A heparin-binding membrane protein from goat spermatozoa immobilizes spermatozoa in the presence of complement.

OBJECTIVE

To characterize the major membrane protein of goat spermatozoa.

DESIGN

Basic research.

SETTING

Samples collected from local slaughterhouse and study conducted in an academic research environment.

PATIENT(S): Goat epididymal tissue.

INTERVENTION(S): Goat epididymal tissues were collected immediately after slaughter and the spermatozoa were isolated within 2 hours. Sperm immobilization test was performed with motile spermatozoa at 32 degrees C within 3-4 hours of collection and isolation of the cells.

MAIN OUTCOME MEASURE(S): The heparin-binding sperm membrane protein (HBSM) of goat is insensitive to trypsin and its antisera immobilize spermatozoa in presence of complement.
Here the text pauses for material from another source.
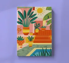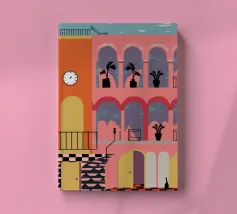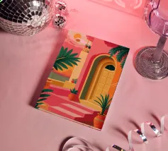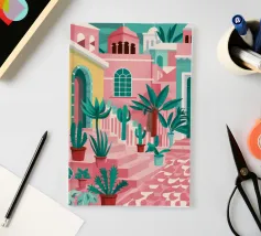 Eine leuchtend rote Treppe führt durch ein farbenfrohes, vereinfachtes Gebäude hinauf zu einem üppigen, gewölbten Eingangsbereich, der eine Reise zu einem schönen und exotischen Ziel suggeriert.

RESULT(S): Forty-two percent of membrane protein could be extracted with 0.25% (wt/vol) 3-[(3-Cholamidopropyl) dimethylammonio]-1-propanesulfonate (CHAPS) from the isolated sperm membrane. By heparin-affinity chromatography, 46% of the extracted protein was recovered. Positive hybridization with radiolabeled heparin on western transfer confirmed the heparin-binding property of the protein (HBSM). Heparin binding to HBSM is an ionic bondage and can be disrupted by 1 M NaCl, as revealed by 86% recovery of the radiolabeled heparin in trichloroacetic acid-precipitated supernatant of [(125)I] heparin-HBSM conjugate. Heparin-binding sperm membrane protein is localized at the anterior region of the spermatozoal head. No detectable proteolytic fragment of HBSM was detected after limited digestion by trypsin. Heparin-binding sperm membrane protein antisera (1:10,000 titer) developed from rabbit did not recognize the denatured protein. The antisera inhibited spermatozoal motility in a complement-dependent manner.

CONCLUSION(S): We suggest that the heparin-binding motif of the spermatozoal membrane protein might be required in modulation of the spermatozoal motility.